[[ Records for this task, beginning ]]

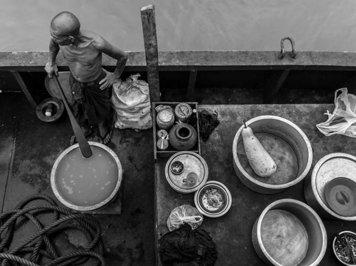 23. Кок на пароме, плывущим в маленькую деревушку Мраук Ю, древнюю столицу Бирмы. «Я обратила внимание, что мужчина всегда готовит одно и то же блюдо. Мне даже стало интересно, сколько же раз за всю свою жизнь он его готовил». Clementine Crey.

[[ Records for this task, end ]]
[[ Records for this task, beginning ]]

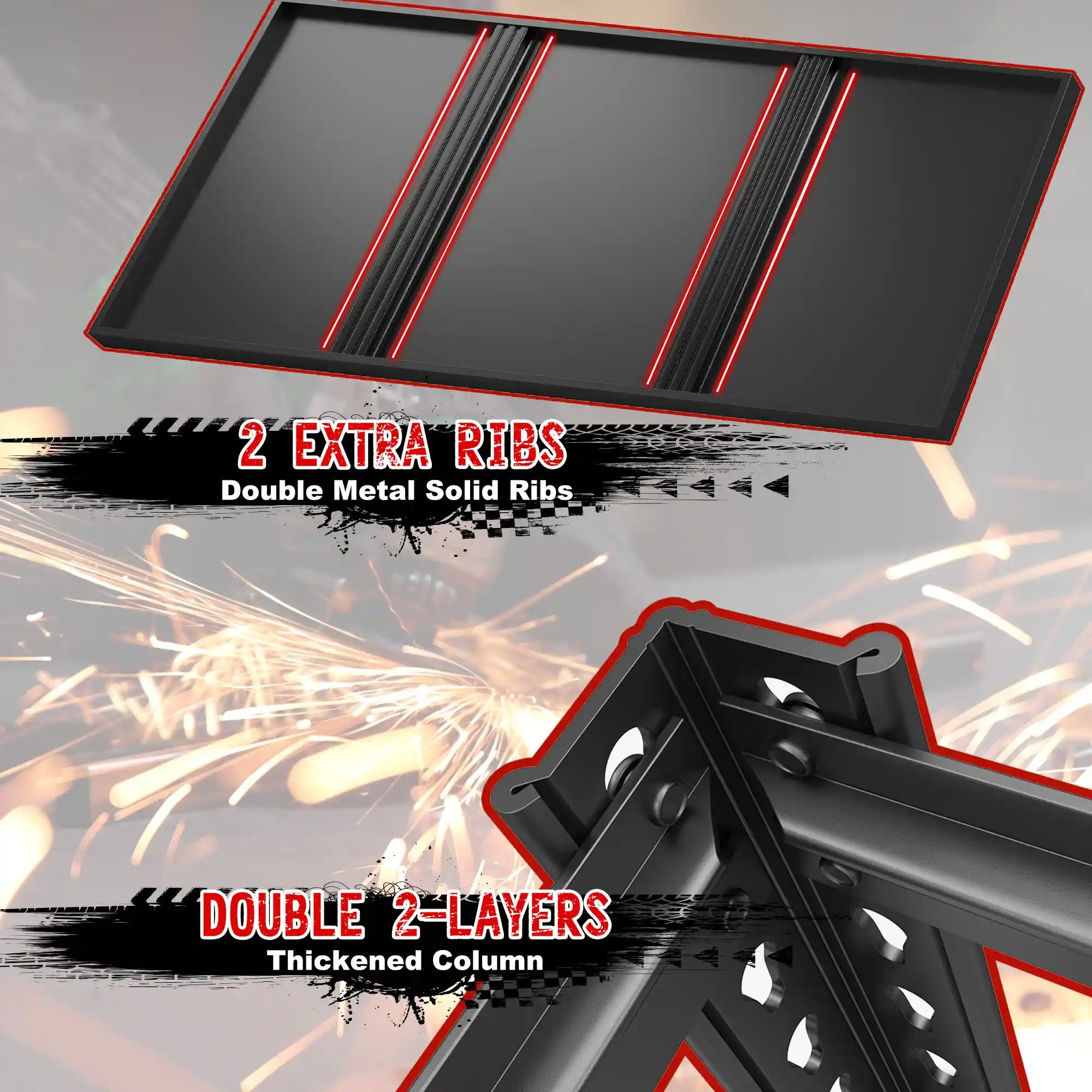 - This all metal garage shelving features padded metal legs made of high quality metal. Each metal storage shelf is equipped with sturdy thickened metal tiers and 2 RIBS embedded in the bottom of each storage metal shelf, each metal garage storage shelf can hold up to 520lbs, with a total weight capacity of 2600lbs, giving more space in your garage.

[[ Records for this task, end ]]
[[ Records for this task, beginning ]]

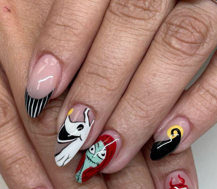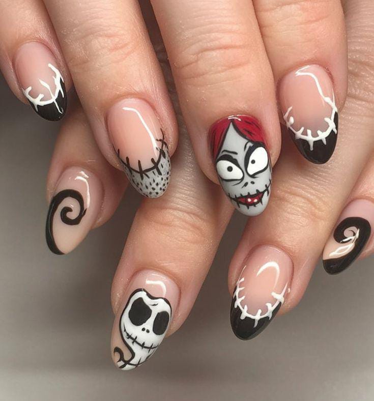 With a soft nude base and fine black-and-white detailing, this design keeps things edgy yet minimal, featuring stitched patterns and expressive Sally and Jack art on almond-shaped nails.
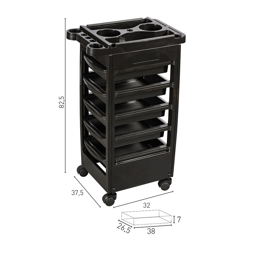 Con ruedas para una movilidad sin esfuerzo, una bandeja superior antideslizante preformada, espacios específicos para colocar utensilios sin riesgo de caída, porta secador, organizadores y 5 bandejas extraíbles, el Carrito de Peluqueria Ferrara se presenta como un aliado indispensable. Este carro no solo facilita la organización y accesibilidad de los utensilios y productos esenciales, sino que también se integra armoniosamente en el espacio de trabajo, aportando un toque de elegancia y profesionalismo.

[[ Records for this task, end ]]

§ **Task details**
Copy nothing but the lines above that run from the one with "With a soft" to the one with "Con ruedas para", ends included; pictures stay out.

§ **Response to this exercise**
 With a soft nude base and fine black-and-white detailing, this design keeps things edgy yet minimal, featuring stitched patterns and expressive Sally and Jack art on almond-shaped nails.
 Con ruedas para una movilidad sin esfuerzo, una bandeja superior antideslizante preformada, espacios específicos para colocar utensilios sin riesgo de caída, porta secador, organizadores y 5 bandejas extraíbles, el Carrito de Peluqueria Ferrara se presenta como un aliado indispensable. Este carro no solo facilita la organización y accesibilidad de los utensilios y productos esenciales, sino que también se integra armoniosamente en el espacio de trabajo, aportando un toque de elegancia y profesionalismo.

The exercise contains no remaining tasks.